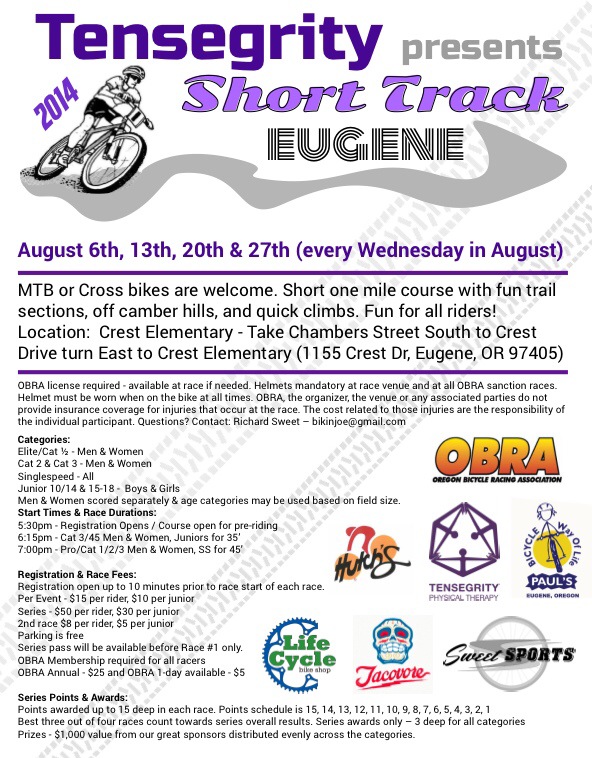Tensegrity presents: 2014 Short Track Series – Eugene, Oregon By White Lotus Sports on August 18, 2014 • ( 0 ) August 6th, 13th, 20th, 27th ( every Wednesday in August) Share this: Click to share on X (Opens in new window) X Click to share on Facebook (Opens in new window) Facebook Click to email a link to a friend (Opens in new window) Email More Click to print (Opens in new window) Print Like Loading...‹ Dew Tour Portland, Oregon – Saturday Highlights BMXKruger’s Kermesse ….Encore! ›Categories: Mountain Bike RacingTags: Eugene, mountain bike, Oregon, short track Related Articles 2026 Cascadia Dirt Cup Schedule 2026 Northwest Cup Downhill MTB Schedule North American Enduro Cup 2026 2026 Sturdy Dirty Enduro
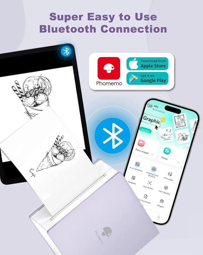 - Bluetooth Mini Thermal Printer- for cell phones and tablets with Bluetooth connectivity, compatible with Android 7.0 and iOS 13.0 or above.The Phomemo M02 sticker printer machine is an inkless wireless printer, you don't need any ink or toner. Not only is it suitable for white self-adhesive and thermal paper (only black and white colors can be printed), but it can also print patterns and text on colored and transparent paper rolls (special paper rolls can be printed in a single color)
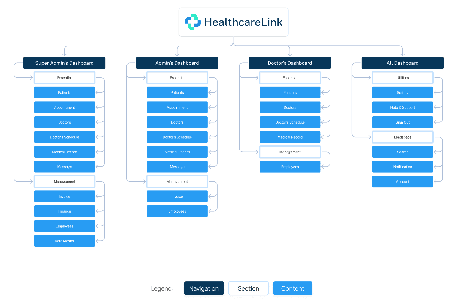 Designing a structured framework for the HealthcareLink CMS, enabling users to easily access and manage information, enhancing overall usability.
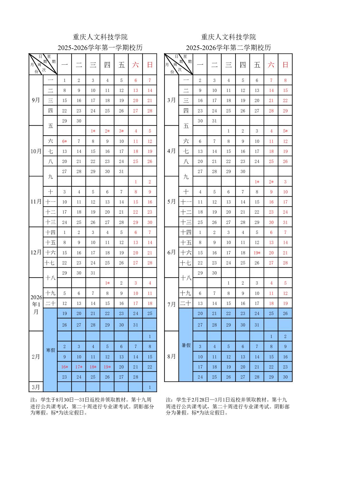 beat365官方网站2025-2026学年校历
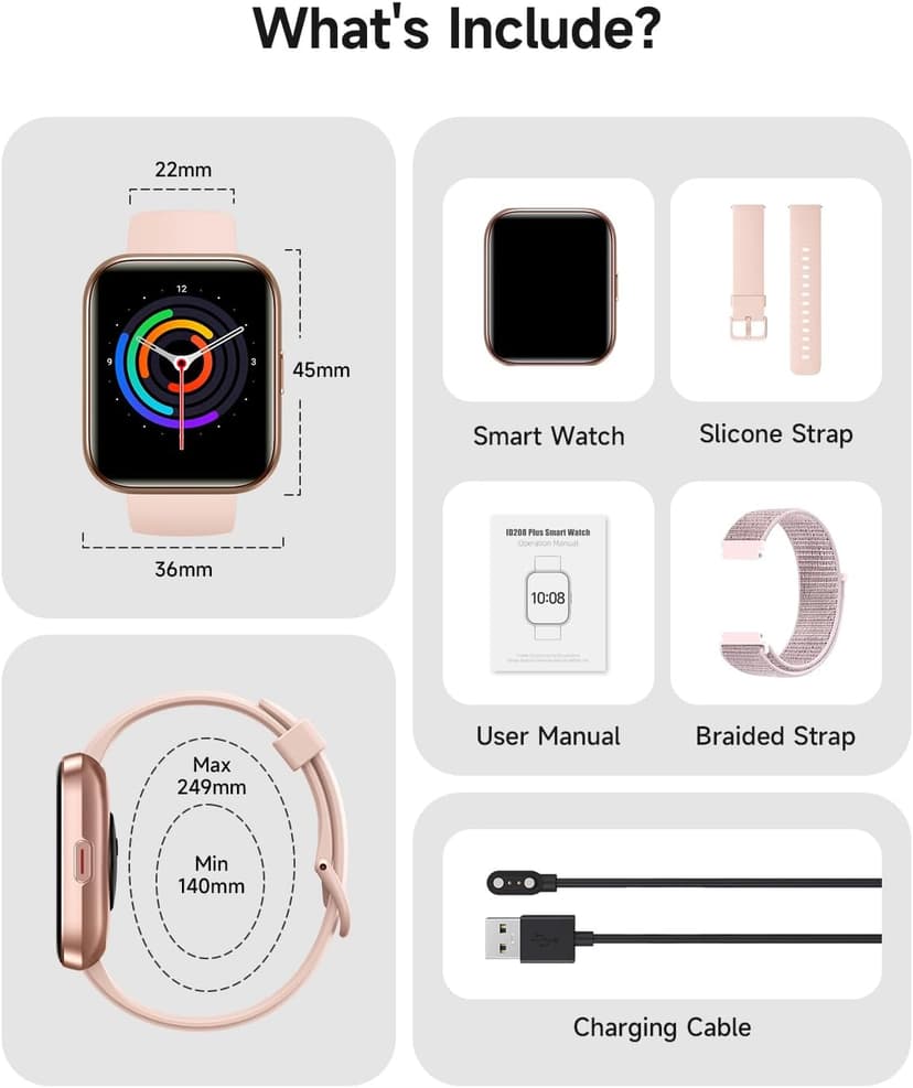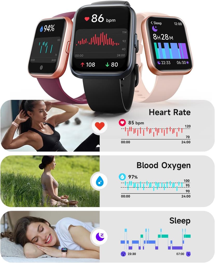 | Special Feature | 24/7 Activity Tracker, Heart Rate Monitor, Sleep Monitor, Alexa Bulit-in Voice Control, Message Notifications, Answer/Make Call, Long Battery Life, AMOLED Touchscreen, Cycle Tracking, Alarm Clock, Blood Oxygen Monitor, 110+ Sport Mode, 3ATM Waterproof, Music Control, Distance Record/Pedometer/Calories, Distance Tracker See more |

——————

» Required action: Without including any picture, copy the listing above exactly and in full.

» Final answer:
Tensegrity presents: 2014 Short Track Series – Eugene, Oregon By White Lotus Sports on August 18, 2014 • ( 0 ) August 6th, 13th, 20th, 27th ( every Wednesday in August) Share this: Click to share on X (Opens in new window) X Click to share on Facebook (Opens in new window) Facebook Click to email a link to a friend (Opens in new window) Email More Click to print (Opens in new window) Print Like Loading...‹ Dew Tour Portland, Oregon – Saturday Highlights BMXKruger’s Kermesse ….Encore! ›Categories: Mountain Bike RacingTags: Eugene, mountain bike, Oregon, short track Related Articles 2026 Cascadia Dirt Cup Schedule 2026 Northwest Cup Downhill MTB Schedule North American Enduro Cup 2026 2026 Sturdy Dirty Enduro
 - Bluetooth Mini Thermal Printer- for cell phones and tablets with Bluetooth connectivity, compatible with Android 7.0 and iOS 13.0 or above.The Phomemo M02 sticker printer machine is an inkless wireless printer, you don't need any ink or toner. Not only is it suitable for white self-adhesive and thermal paper (only black and white colors can be printed), but it can also print patterns and text on colored and transparent paper rolls (special paper rolls can be printed in a single color)
 Designing a structured framework for the HealthcareLink CMS, enabling users to easily access and manage information, enhancing overall usability.
 beat365官方网站2025-2026学年校历
 | Special Feature | 24/7 Activity Tracker, Heart Rate Monitor, Sleep Monitor, Alexa Bulit-in Voice Control, Message Notifications, Answer/Make Call, Long Battery Life, AMOLED Touchscreen, Cycle Tracking, Alarm Clock, Blood Oxygen Monitor, 110+ Sport Mode, 3ATM Waterproof, Music Control, Distance Record/Pedometer/Calories, Distance Tracker See more |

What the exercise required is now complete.